> [What the task asks]
Pictures aside, reproduce exactly and only the lines below, starting at the one containing "Robin DR400/R Travel" and ending at the last line.

> [Entries supplied]
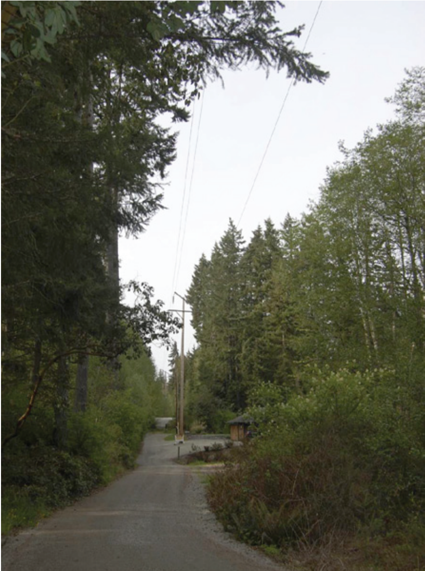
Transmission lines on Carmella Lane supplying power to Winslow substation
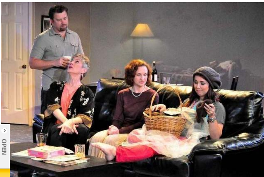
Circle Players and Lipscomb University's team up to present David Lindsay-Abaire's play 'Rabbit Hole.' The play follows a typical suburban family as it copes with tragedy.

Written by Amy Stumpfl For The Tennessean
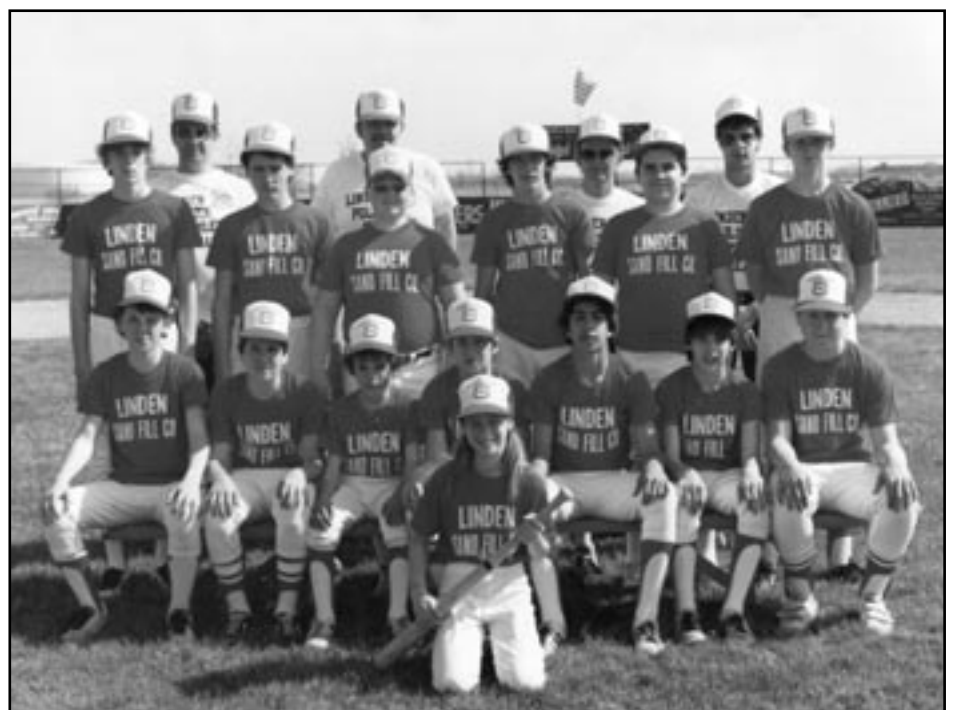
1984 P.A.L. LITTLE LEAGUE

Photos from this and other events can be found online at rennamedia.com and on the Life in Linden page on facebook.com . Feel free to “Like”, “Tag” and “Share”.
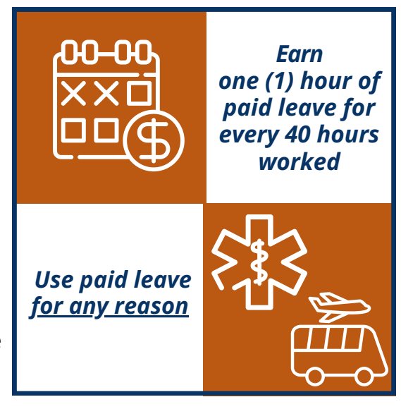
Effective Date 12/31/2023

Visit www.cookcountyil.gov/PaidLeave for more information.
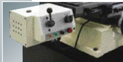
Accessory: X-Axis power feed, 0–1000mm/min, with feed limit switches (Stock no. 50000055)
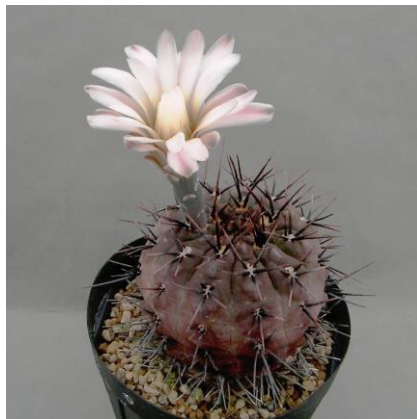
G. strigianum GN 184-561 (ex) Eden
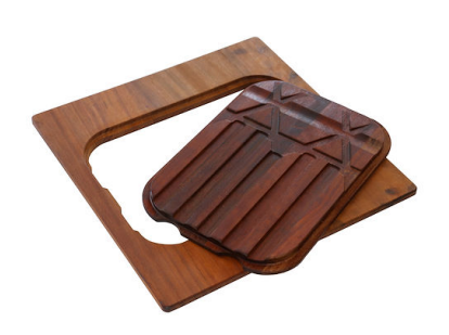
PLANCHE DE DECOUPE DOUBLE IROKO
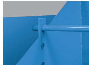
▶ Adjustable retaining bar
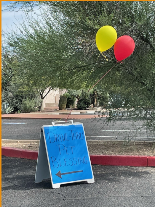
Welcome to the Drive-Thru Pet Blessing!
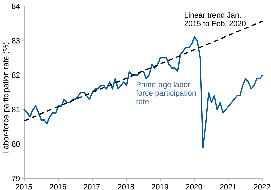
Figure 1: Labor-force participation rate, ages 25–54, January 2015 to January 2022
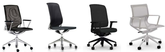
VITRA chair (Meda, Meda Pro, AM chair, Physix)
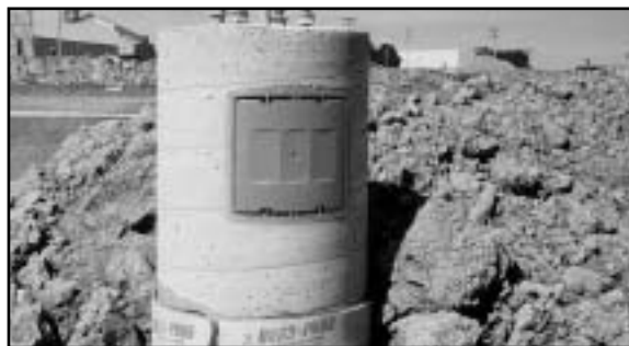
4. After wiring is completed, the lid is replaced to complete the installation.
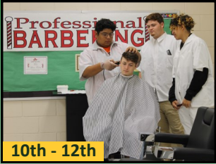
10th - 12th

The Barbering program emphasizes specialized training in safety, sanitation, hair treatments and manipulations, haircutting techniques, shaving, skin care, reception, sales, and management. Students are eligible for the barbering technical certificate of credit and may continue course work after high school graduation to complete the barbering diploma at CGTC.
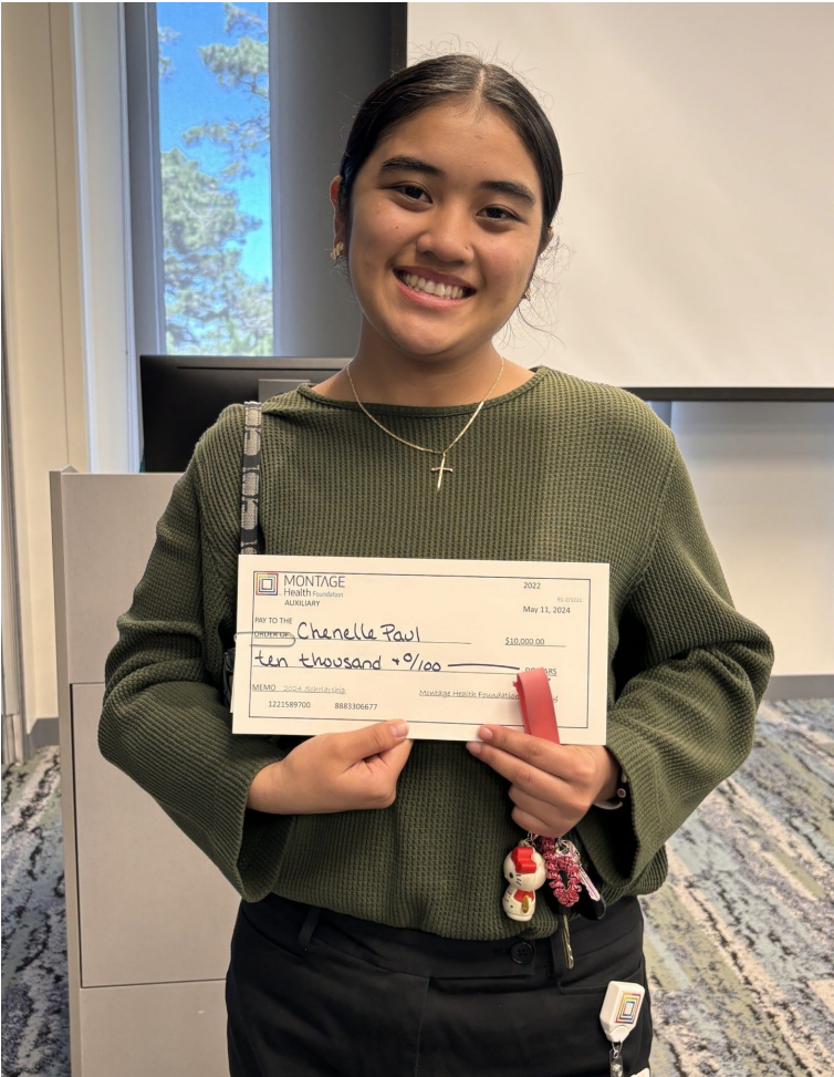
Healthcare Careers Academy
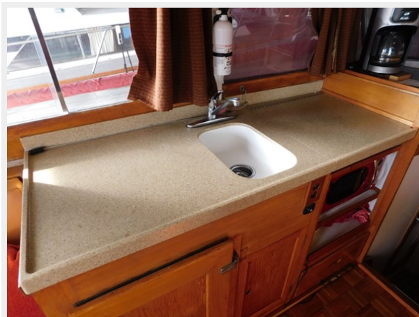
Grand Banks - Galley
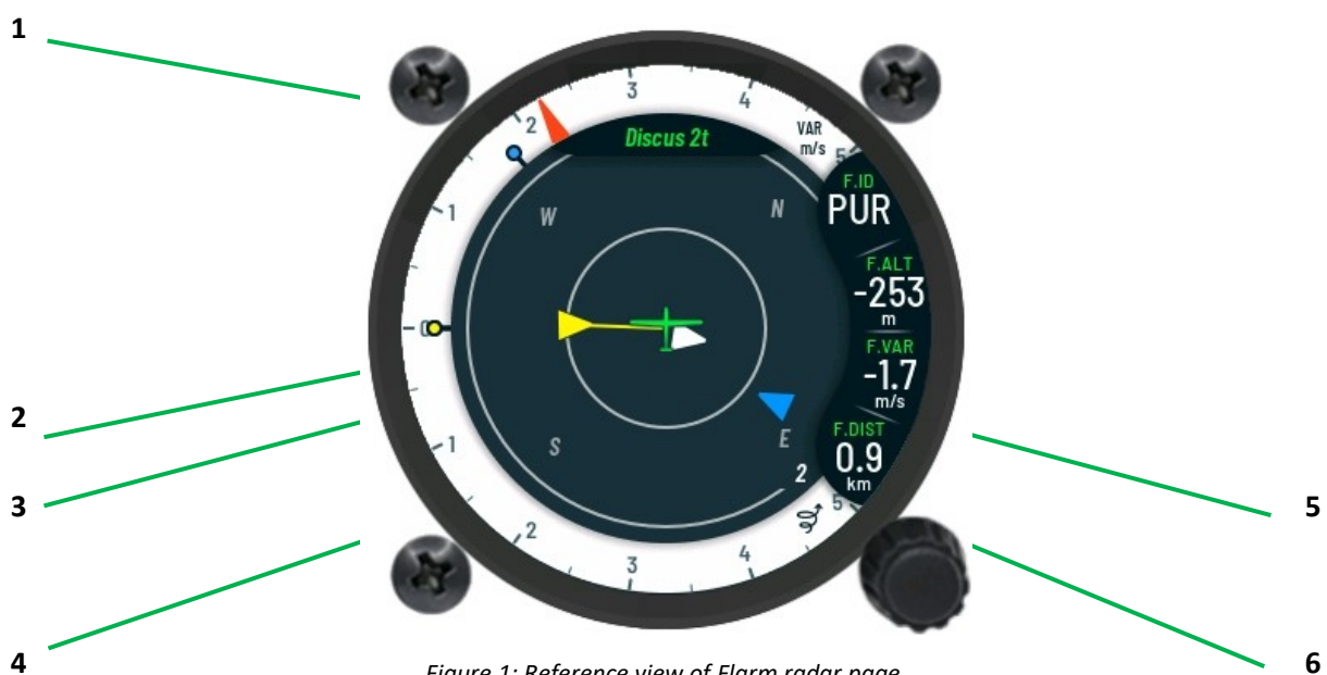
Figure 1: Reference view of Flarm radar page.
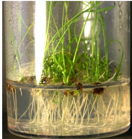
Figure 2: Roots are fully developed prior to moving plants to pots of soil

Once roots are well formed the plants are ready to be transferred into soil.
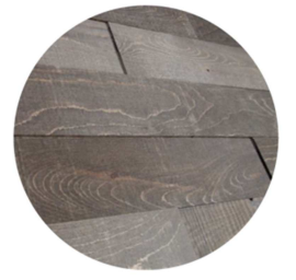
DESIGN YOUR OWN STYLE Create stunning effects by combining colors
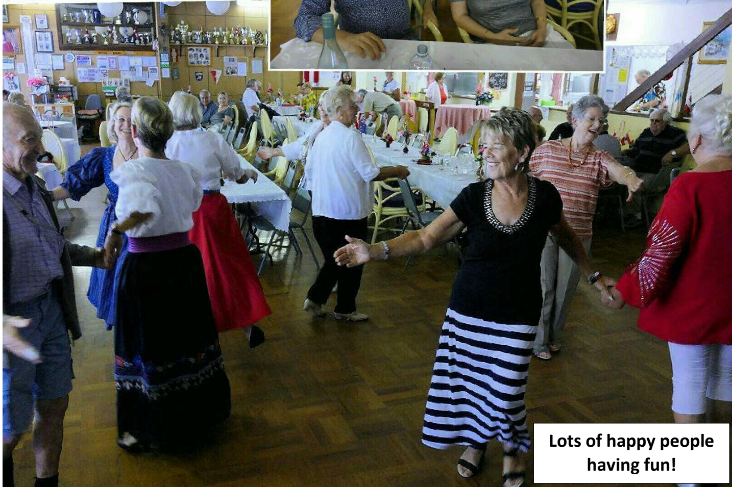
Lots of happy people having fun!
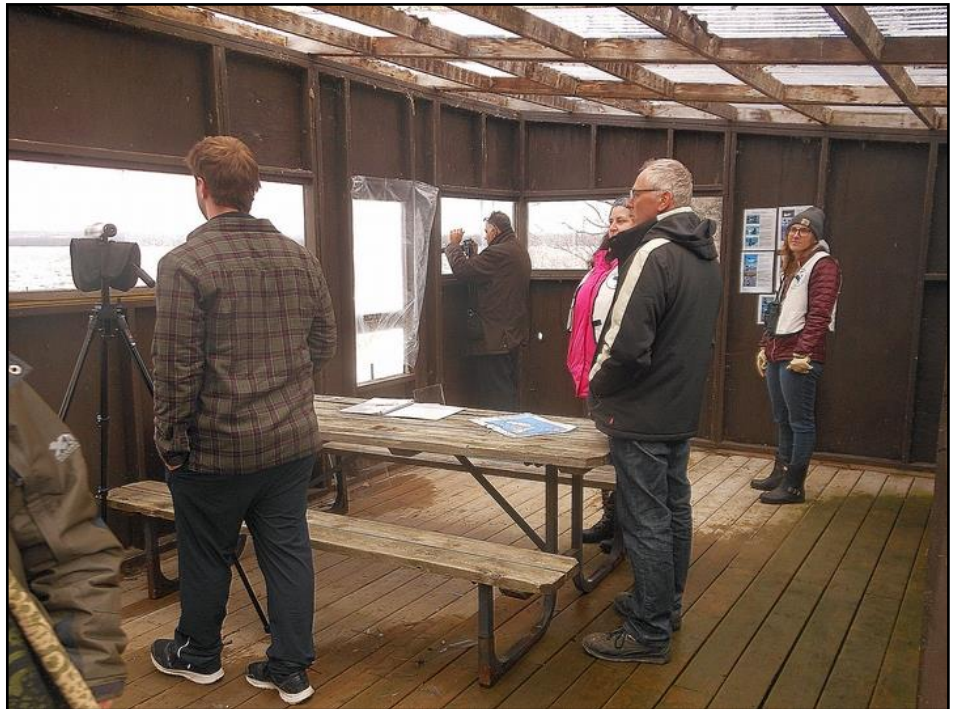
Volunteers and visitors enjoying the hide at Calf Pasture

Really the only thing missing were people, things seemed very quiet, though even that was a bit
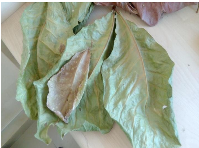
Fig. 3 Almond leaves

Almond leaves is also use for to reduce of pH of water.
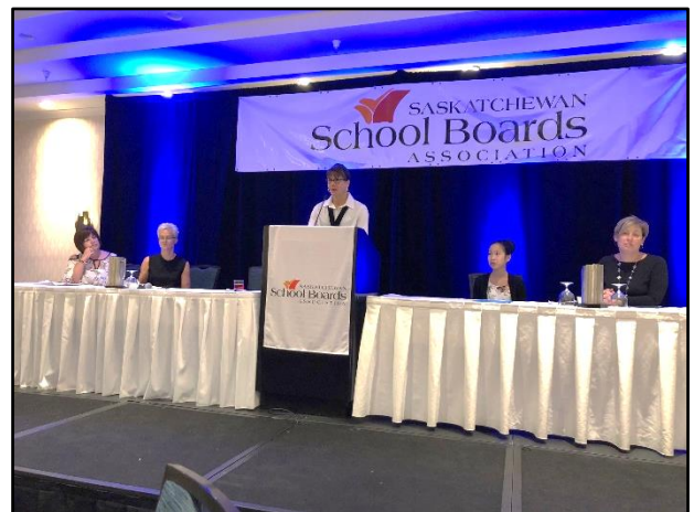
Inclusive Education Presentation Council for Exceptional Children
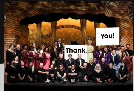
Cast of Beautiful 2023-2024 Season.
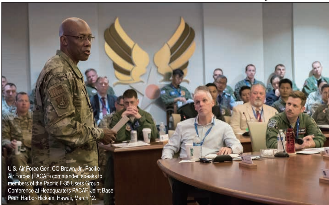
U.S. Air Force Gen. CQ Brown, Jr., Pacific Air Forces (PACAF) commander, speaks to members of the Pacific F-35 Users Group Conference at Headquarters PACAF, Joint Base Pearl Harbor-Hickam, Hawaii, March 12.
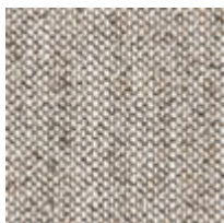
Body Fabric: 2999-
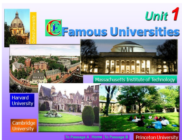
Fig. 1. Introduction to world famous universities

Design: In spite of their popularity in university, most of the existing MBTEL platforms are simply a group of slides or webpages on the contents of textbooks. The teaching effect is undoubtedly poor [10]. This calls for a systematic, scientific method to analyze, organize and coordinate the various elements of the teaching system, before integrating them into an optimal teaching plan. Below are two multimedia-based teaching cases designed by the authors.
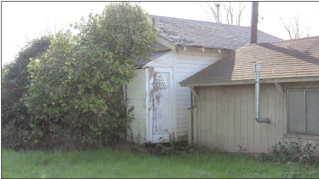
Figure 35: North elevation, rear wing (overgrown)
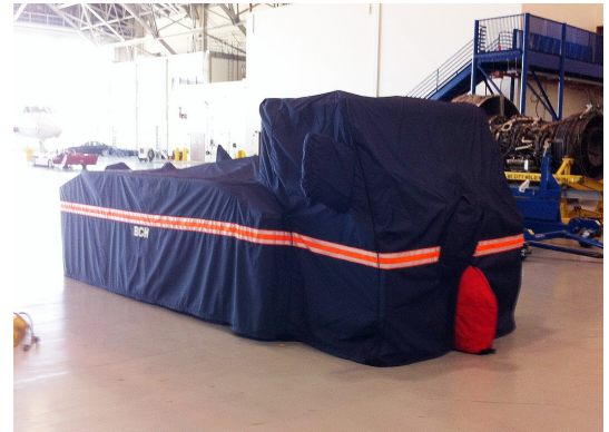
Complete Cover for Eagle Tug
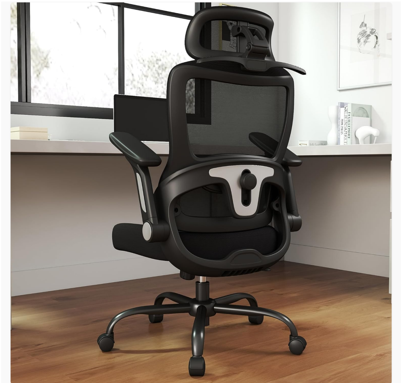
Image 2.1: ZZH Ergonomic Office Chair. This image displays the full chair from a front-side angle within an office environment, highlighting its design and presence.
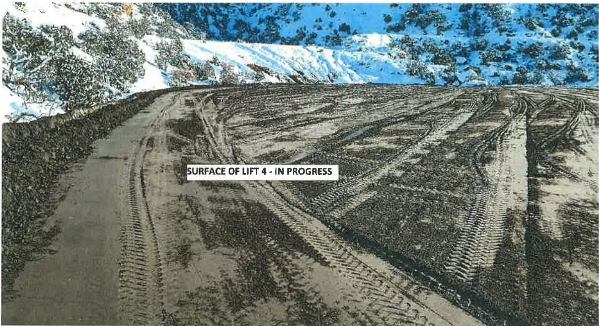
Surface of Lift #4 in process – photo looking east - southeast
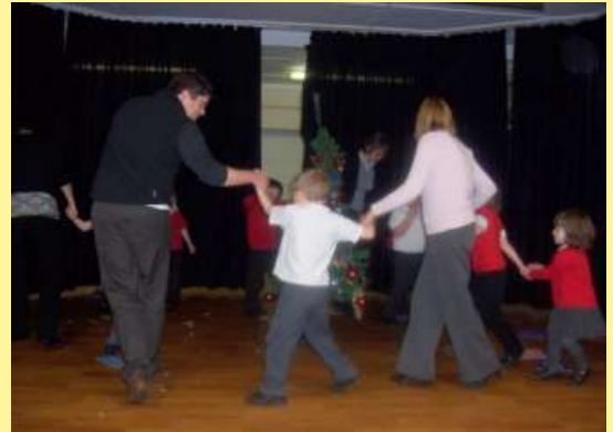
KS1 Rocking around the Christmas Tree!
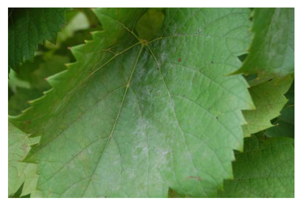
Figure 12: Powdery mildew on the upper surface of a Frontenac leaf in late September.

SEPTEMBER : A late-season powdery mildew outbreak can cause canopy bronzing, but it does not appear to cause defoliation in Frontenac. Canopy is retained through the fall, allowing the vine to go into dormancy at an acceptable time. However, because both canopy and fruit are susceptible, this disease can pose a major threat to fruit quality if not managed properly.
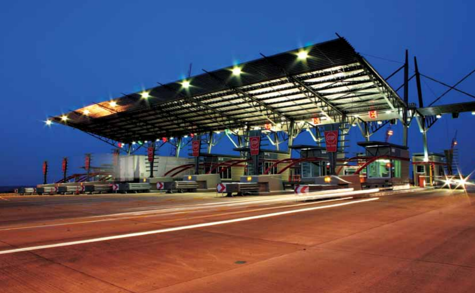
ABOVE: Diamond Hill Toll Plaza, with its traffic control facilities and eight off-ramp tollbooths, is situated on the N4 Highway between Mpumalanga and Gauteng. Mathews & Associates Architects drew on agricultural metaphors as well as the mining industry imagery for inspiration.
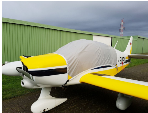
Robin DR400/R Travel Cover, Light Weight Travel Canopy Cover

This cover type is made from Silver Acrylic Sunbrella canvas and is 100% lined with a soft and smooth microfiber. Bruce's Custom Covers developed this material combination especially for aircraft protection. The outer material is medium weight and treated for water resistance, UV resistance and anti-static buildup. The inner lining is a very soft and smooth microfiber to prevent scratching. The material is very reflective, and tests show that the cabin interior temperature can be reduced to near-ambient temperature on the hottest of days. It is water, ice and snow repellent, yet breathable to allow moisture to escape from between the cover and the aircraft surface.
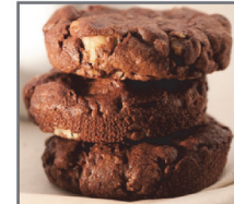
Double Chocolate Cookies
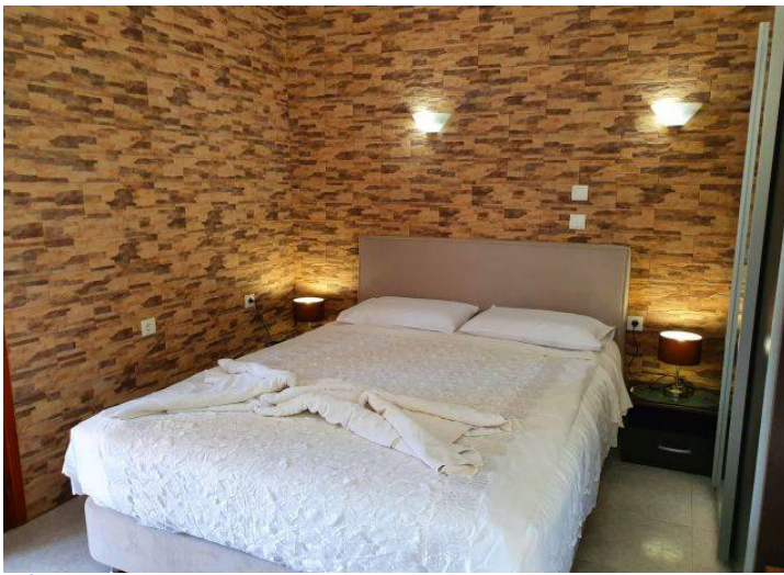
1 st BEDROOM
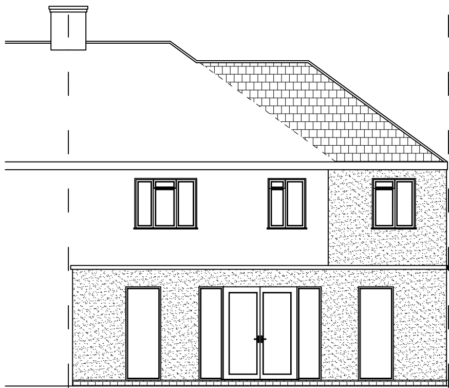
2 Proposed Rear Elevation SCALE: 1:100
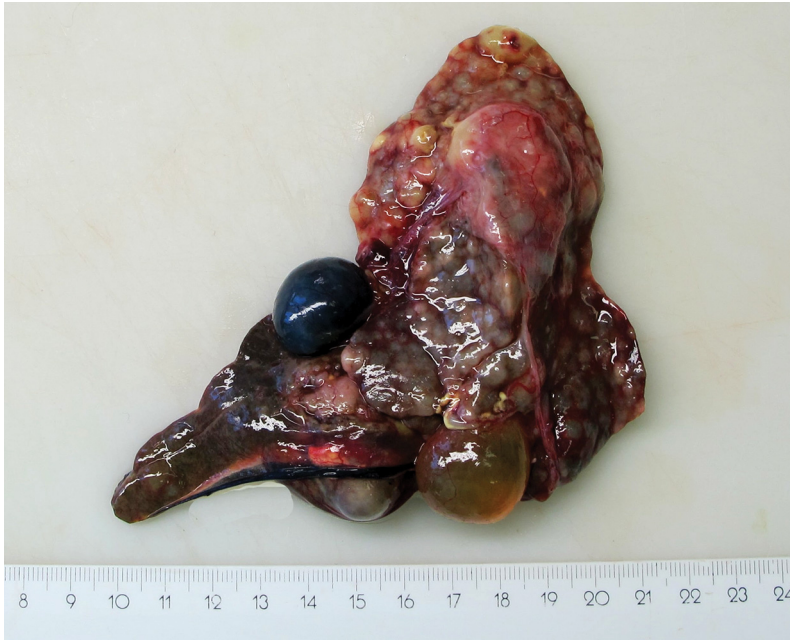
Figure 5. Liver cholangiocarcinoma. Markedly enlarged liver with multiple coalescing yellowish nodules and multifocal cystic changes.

> [Response to the exercise]
Robin DR400/R Travel Cover, Light Weight Travel Canopy Cover

This cover type is made from Silver Acrylic Sunbrella canvas and is 100% lined with a soft and smooth microfiber. Bruce's Custom Covers developed this material combination especially for aircraft protection. The outer material is medium weight and treated for water resistance, UV resistance and anti-static buildup. The inner lining is a very soft and smooth microfiber to prevent scratching. The material is very reflective, and tests show that the cabin interior temperature can be reduced to near-ambient temperature on the hottest of days. It is water, ice and snow repellent, yet breathable to allow moisture to escape from between the cover and the aircraft surface.
Double Chocolate Cookies
1 st BEDROOM
2 Proposed Rear Elevation SCALE: 1:100
Figure 5. Liver cholangiocarcinoma. Markedly enlarged liver with multiple coalescing yellowish nodules and multifocal cystic changes.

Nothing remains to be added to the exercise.